А кто его знает? Я бы не отказалась от спа – лежала бы на удобной кушетке, в то время как опытный массажист втирал в мое тело аромамасла. И никаких тебе алкоголиков, битых жен и сожителей-уголовников! Хочу в прежнюю жизнь, и чтобы никто из моей семьи обо мне не вспоминал!

Завтра Рыжему придется потрудиться и вымаливать прощение у меня в ногах, ведь мысль о том, чтобы отдать его в приют больше не кажется мне дикой, а сейчас… пусть наслаждается колой, что я безжалостно лью ему на голову, с удовлетворением отмечая, что свои глаза, пусть и нехотя, но он все-таки открывает.

***

Бред это все, что люди устают от рутинной работы, многочасового шопинга, занятий спортом и ежедневных бытовых забот. Куда больше изматывают переживания: они вытягивают из тебя все соки, лишают улыбки и постепенно подталкивают к краю – туда, где плещется безнадега и липкая темень.

Я не могу заставить себя подняться. Продолжаю сидеть, не потрудившись отстегнуть ремень безопасности даже тогда, когда пошатывающуюся фигуру Ярика скрывает от меня подъездная дверь. Я обездвижена, парализована чувством стыда, что пригвоздил меня к кожаной обивке, и под взглядом Бирюкова, он лишь крепнет, воруя у меня последние силы.

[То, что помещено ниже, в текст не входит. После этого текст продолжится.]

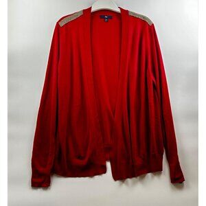 GAP Women's Open Draped Cardigan Gold Detail on Shoulders Red XL
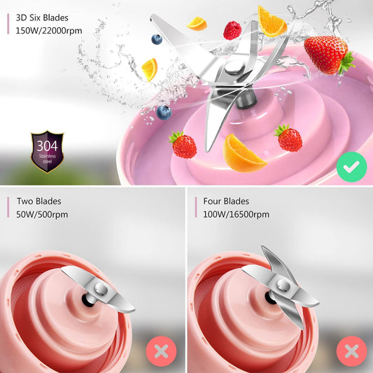 Portable Blender, Personal Size Blender for Shakes and Smoothies, 4000Mah Rechargeable Mini Travel Blender with 3D Six Blades, 13.5Oz Fruit Mixer Cup for Home, Sports, Outdoor (Pink)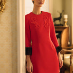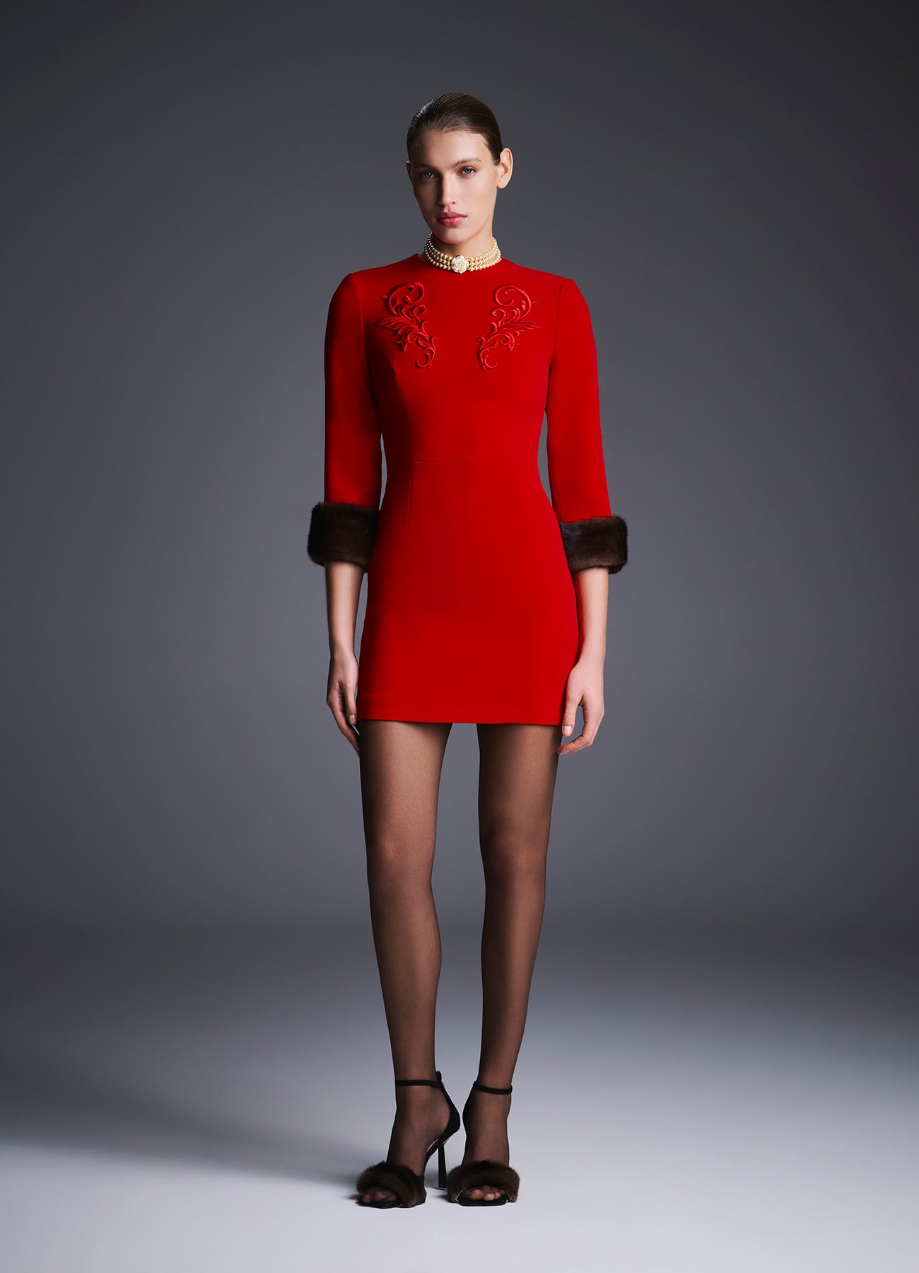 Платье мини "Жар-птица". На груди платья - монохромная объемная вышивка в виде морозных узоров. Рукава длиной 7/8 дополнены съёмными манжетами из меха натуральной норки шоколадного цвета, которые крепятся на пуговицы. Приталенный силуэт, отрезная линия талии и потайная молния обеспечивают идеальную посадку по фигуре. На подкладке.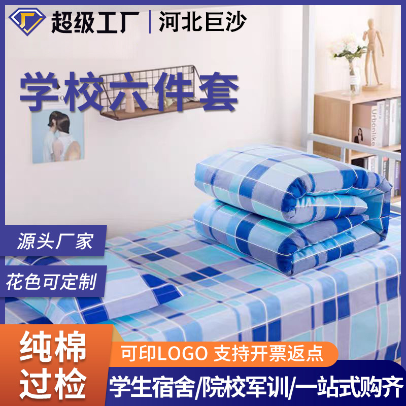 純綿学生寮六点セット純綿布団セット学校単位上下三点セットベッド用品卸売り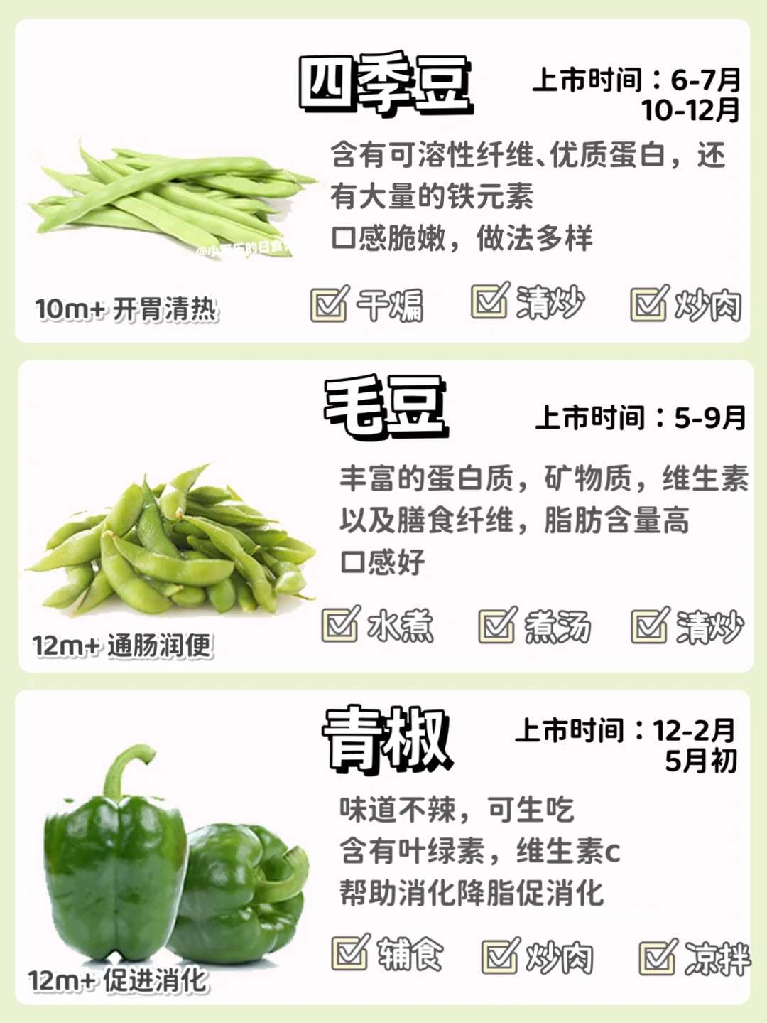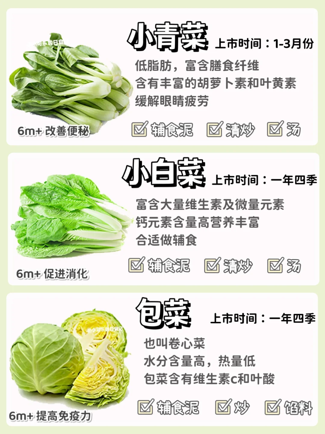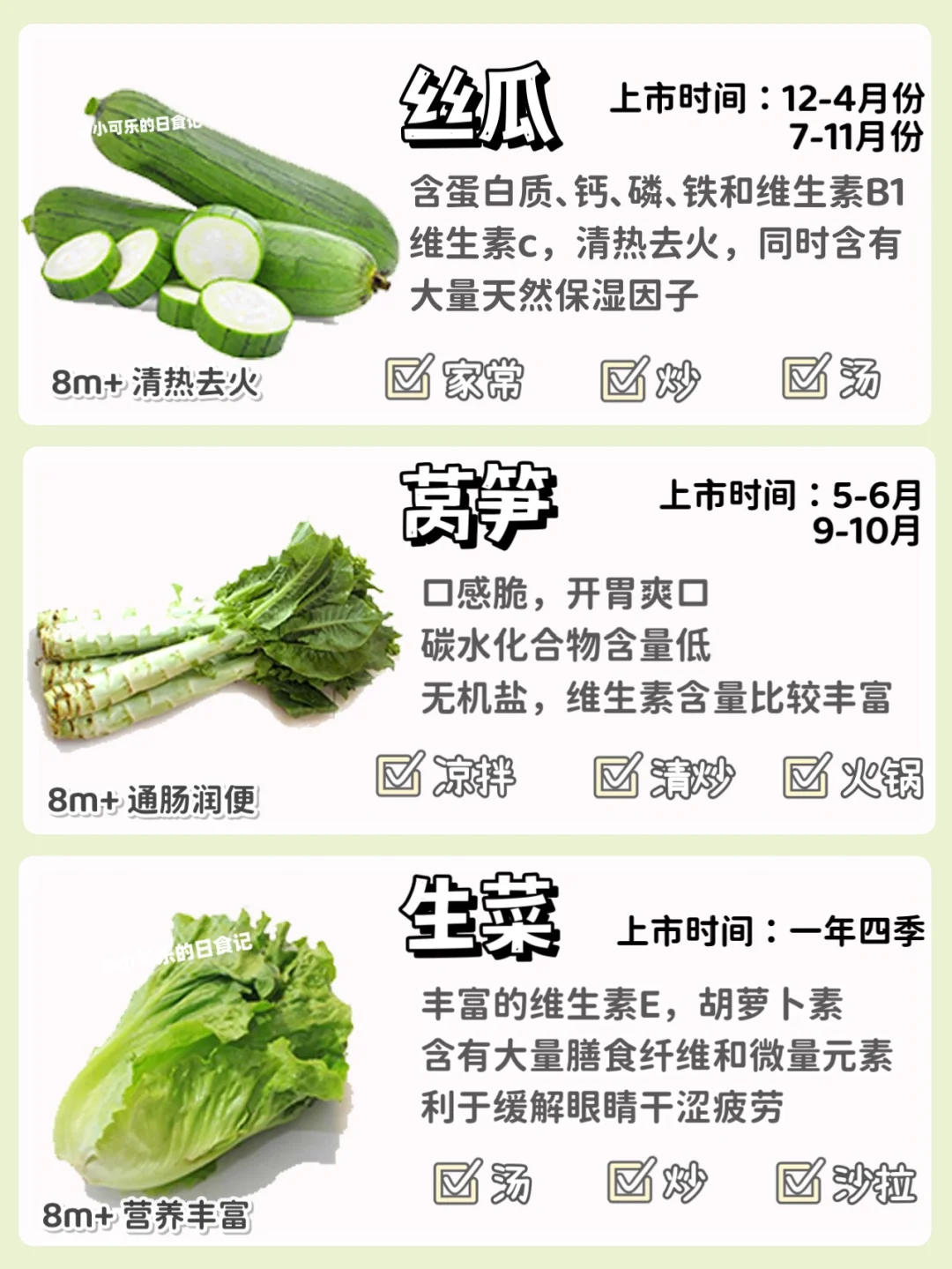 应季绿色蔬菜时间表‼️营养价值,添加顺序

- Только не вздумай благодарить, — словно почувствовав мой настрой, Максим решительно пресекает мою попытку заговорить. Выключает музыку, которую я намеренно слушала на полную громкость, прекрасно зная, что сидящему позади парню все эти децибелы как иголки под кожу. - Напился и черт с ним. Не надо краснеть, реветь и жаловаться мне на жизнь. Я не герой и не психоаналитик.

- Я и не думала, – грубо, зато шальную мысль сказать ему хоть что-то приятное, я благоразумно отодвигаю подальше. – Обойдемся премией?

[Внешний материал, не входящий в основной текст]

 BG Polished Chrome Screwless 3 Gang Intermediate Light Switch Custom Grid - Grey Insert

- Пожалуй. Тем более что из-за твоего братца я испортил любимые джинсы.

Не он один: мой костюм уже не спасти, замшевые кроссовки перемазаны глиной, а на скуле красуется приличная ссадина, оставшаяся после встречи с шершавой проржавевшей трубой.

- Помочь тебе привести его в чувства? Можно сунуть парня под холодный душ или…

- Не стоит. Если уж он под этим ливнем не протрезвел, не думаю, что из твоей затеи выйдет толк, – да и, будем честными, к разговору с ним я пока не готова. Боюсь, что исчерпав все аргументы, просто прибью парнишку за его глупость и неуемную жажду тянуть из моего кошелька деньги.

– Лучше езжай в гостиницу. И, — оборачиваюсь, прикрывая дверь, которую только что распахнула, чтобы произнести то, о чем стоило сказать еще три дня назад. - Завтра езжай в Москву. Тебя наверняка кто-то ждет.

Хватит ему любоваться моими неудачами, я, итак, вымотана, а тут еще он со своей жалостью! Это здесь, в темноте, еще можно скрывать свои чувства, а с приходом солнца, я больше в глаза ему взглянуть не смогу. Только не после того, как Рыжего рвало прямо на тротуарную плитку аккурат у водительской двери.

– Уверена? – когда мы перешли на ты? Уже и не помню, но с удовольствием отмечаю, что так мне куда комфортнее. Да и на строгую начальницу я уже непохожа – то бьюсь в истерике, то нервно кусаю губы, то, вообще, заливаюсь краской! – Вдруг он еще что-нибудь выкинет?

- Справлюсь. Скажу Руслану, что поехала на свадьбу к подруге, а тебе дала провести недельку с семьей. У тебя ведь есть семья? Девушка, например, или ребенок?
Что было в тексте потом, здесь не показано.